В этот момент из кафе вышел Курфейрак.
Мариус печально улыбнулся:
– Я нахожусь на этой квартире два часа и не дождусь, когда с нее съеду. Но вот какая история – мне некуда деваться.
– Поедемте ко мне, сударь, – сказал Курфейрак.
– Первенство, собственно говоря, принадлежит мне, – заметил Легль, – но беда в том, что у меня у самого нет дома.
– Замолчи, Боссюэ, – оборвал его Курфейрак.
– Боссюэ? – с недоумением повторил Мариус. – А я полагал, что фамилия ваша Легль.
– Из Мо, – ответил Легль, – иносказательно же – Боссюэ.
Курфейрак сел в кабриолет.
– Гостиница Порт-Сен-Жак! – приказал он извозчику.
В тот же вечер Мариус поселился в одной из комнат гостиницы Порт-Сен-Жак вместе с Курфейраком.
Глава третья. ИЗУМЛЕНИЕ МАРИУСА РАСТЕТ
Не прошло и нескольких дней, как Мариус подружился с Курфейраком. Юность – пора стремительных сближений и быстрого зарубцовывания ран. В обществе Курфейрака Мариусу дышалось легко – ощущение, ранее ему незнакомое. Курфейрак ни о чем его не расспрашивал. Ему это и в голову не приходило. В таком возрасте все читается на лице. Слова излишни. Про физиономию иного юнца так и хочется сказать, что она у него сама все выкладывает.

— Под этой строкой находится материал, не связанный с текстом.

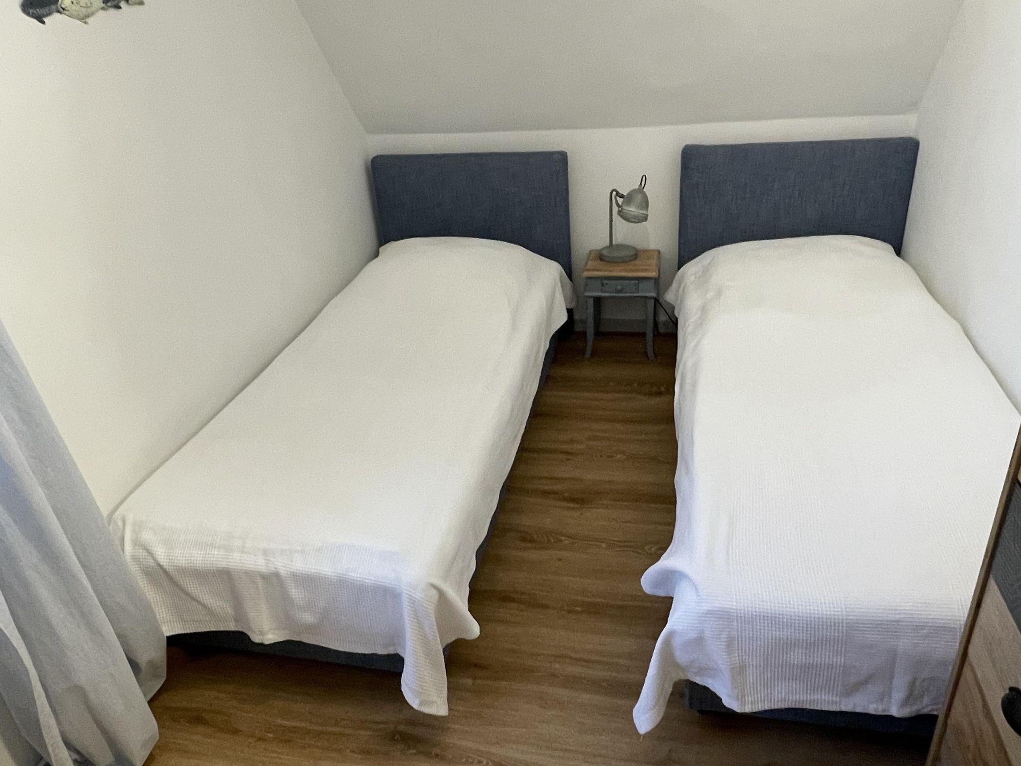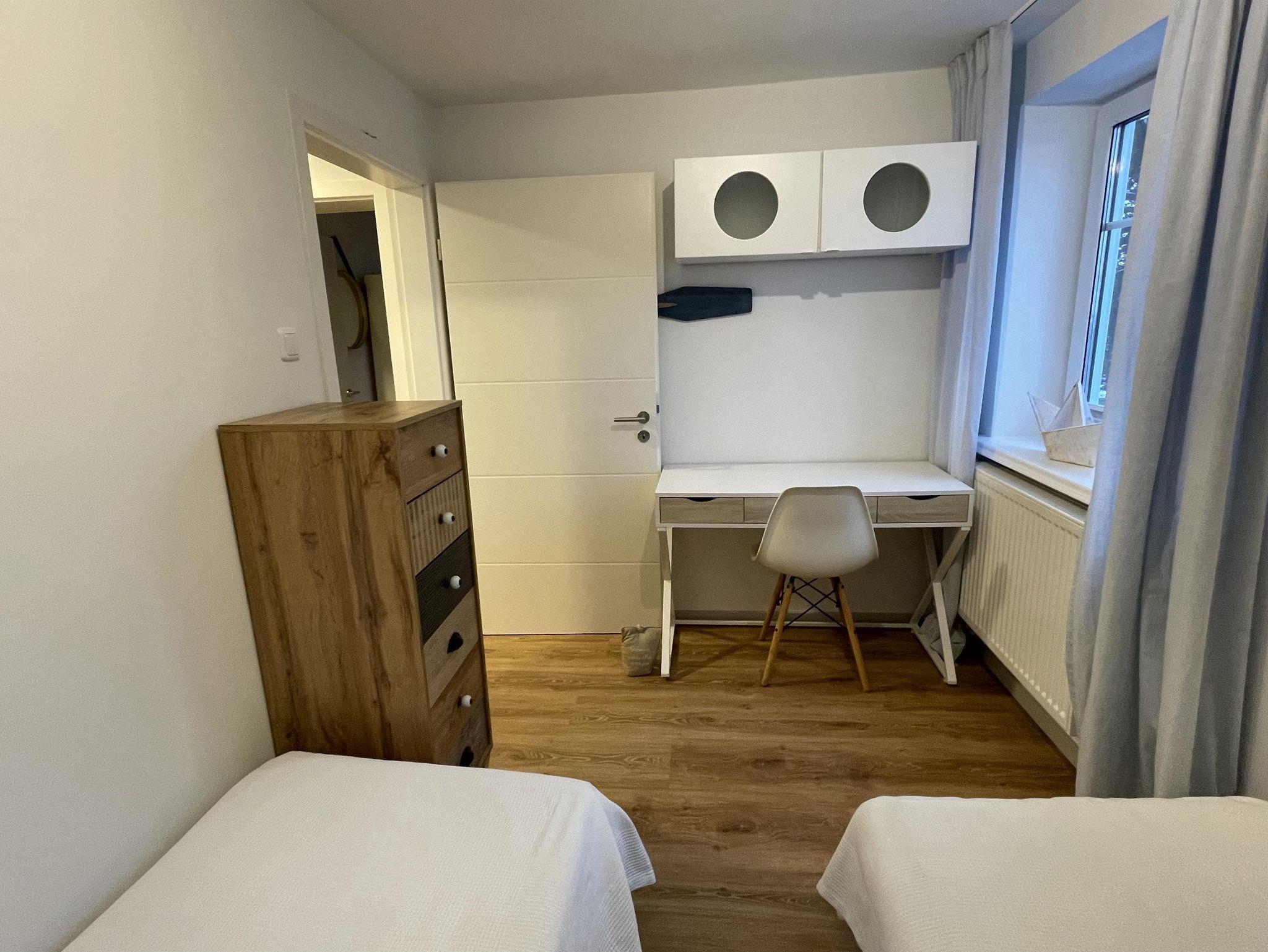 Das zweite Schlafzimmer ist mit 2 Einzelbetten ausgestattet, die bei Bedarf in ein kleines Doppelbett verwandelt werden können, sowie einen Schreibtisch. Für Ihre Kinder halten wir Spiele, Hochstuhl oder Babybett vor.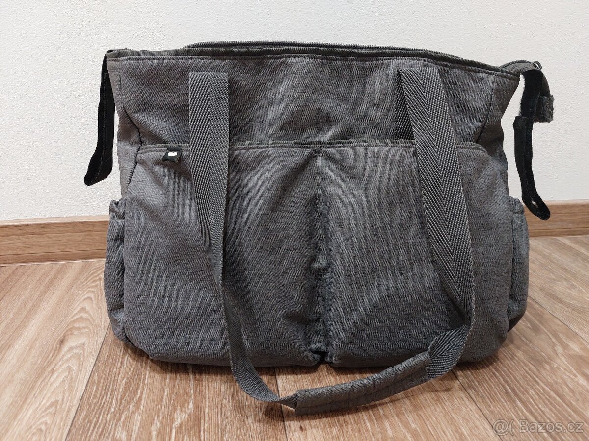 Nepoškozená, upevnitelná na kočárek. Na zadní straně velká kapsa na zip, na přední straně 2 menší kapsy, po stranách 2 kapsy na lahvičku. Uvnitř 5 menších kapes a jedna velká na zip. PC 679Kč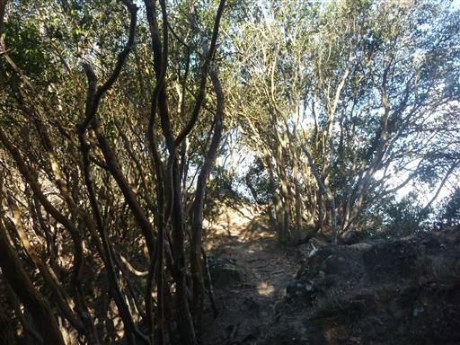 全体的に照葉樹林に囲まれている縦走路だが、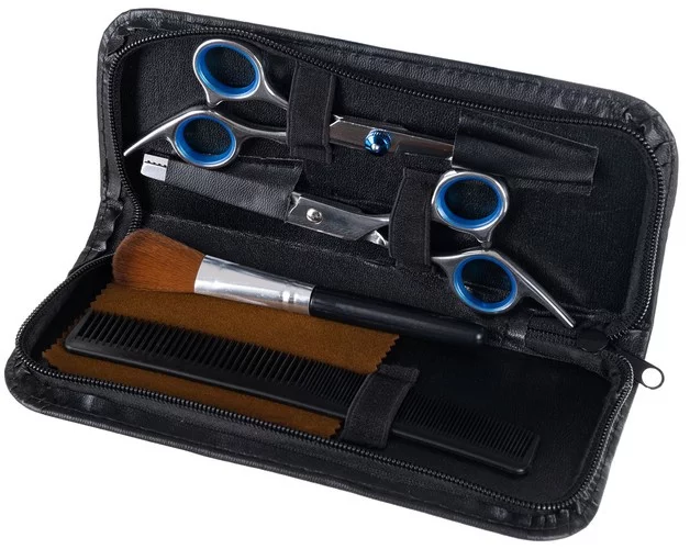 • Dva páry nožníc – klasické a efilačné s 27 zubami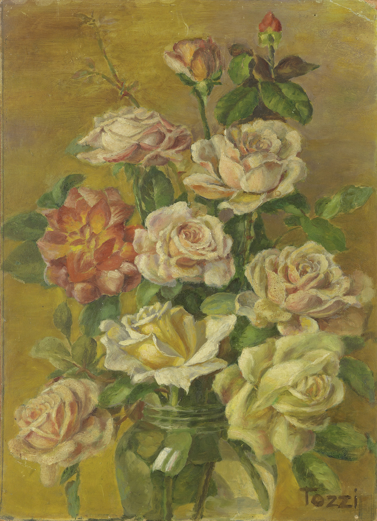 Mario Tozzi, Fossombrone (PU) 1895 - St. Jean du Gard 1979, Rose, (1919), Olio su faesite, cm. 31,2x22,7, , Firma in basso a destra: Tozzi., , Certificato con foto Archivio Tozzi, Foiano, 27 febbraio 2003, con n. 1992 (opera datata 1919).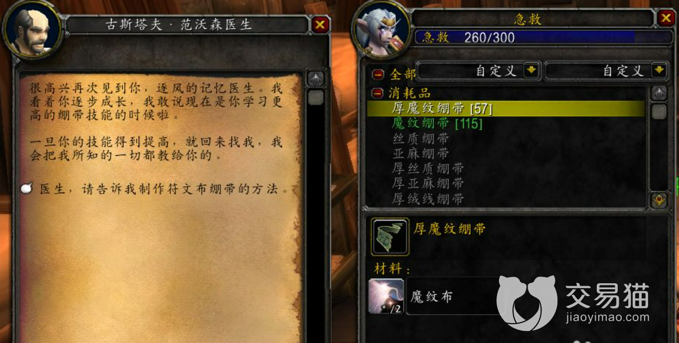高级急救150-225需要挫丝质绷带,挫厚丝质绷带,挫魔纹绷带,其中挫厚丝质绷带和挫魔纹绷带需要向NPC购买手册来解锁合成,如果没有的也可以去拍卖行购买。

Для взаимопонимания молодым людям достаточно взглянуть друг на друга.
Тем не менее однажды утром Курфейрак неожиданно спросил Мариуса:
– Кстати, у вас есть какие-нибудь политические убеждения?
– Ну разумеется, – ответил Мариус, слегка обиженный вопросом.
– Кто же вы?
– Демократ-бонапартист.
– Окраска в достаточной мере серая, – заметил Курфейрак.
На следующий день Курфейрак взял Мариуса с собой в кафе «Мюзен». Там он с улыбкой шепнул ему на ухо: «Надо помочь вам вступить в революцию», – и провел Мариуса в комнату Друзей азбуки. Затем он представил его товарищам, добавив вполголоса: «Ученик». Мариус не понял, что хотел он сказать этим немудреным словом.
Очутившись здесь, Мариус попал в осиное гнездо остромыслия. Впрочем, несмотря на молчаливость и серьезность, он и сам принадлежал к той же крылатой и жалоносной породе.
Мариус вел до тех пор уединенный образ жизни, и в силу привычки и по натуре он был склонен к монологам и разговорам с самим собою, и ему было как-то не по себе среди обступившей его молодежи. Ее кипучая, брызжущая энергия и привлекала и раздражала его. От водоворота идей, рождаемого этими вольными, неугомонно ищущими умами, мысли кружились у него в голове. В эти минуты душевного смятения они разбегались, и он с трудом собирал их. Он слышал вокруг неожиданные для него суждения о философии, литературе, искусстве, истории, религии, знакомился с самыми крайними взглядами. А поскольку он воспринимал их вне всякой перспективы, то не был уверен, не хаос ли все это. Отрекшись от убеждений деда ради убеждений отца, Мариус полагал, что приобрел устойчивое миросозерцание; полный тревоги, не смея и самому себе в том признаться, теперь он начал подозревать, что это не так. Угол его зрения снова стал перемещаться. Под действием мерных толчков умственный горизонт его заколебался. Это было состояние внутренней ломки. Оно причиняло ему почти физические страдания.
Для этих молодых людей, казалось, не существовало «ничего святого». По любому поводу Мариус мог услышать потрясающие речи, смущавшие его еще робкий ум.
Вот на глаза попалась театральная афиша с названием трагедии старого, так называемого классического, репертуара.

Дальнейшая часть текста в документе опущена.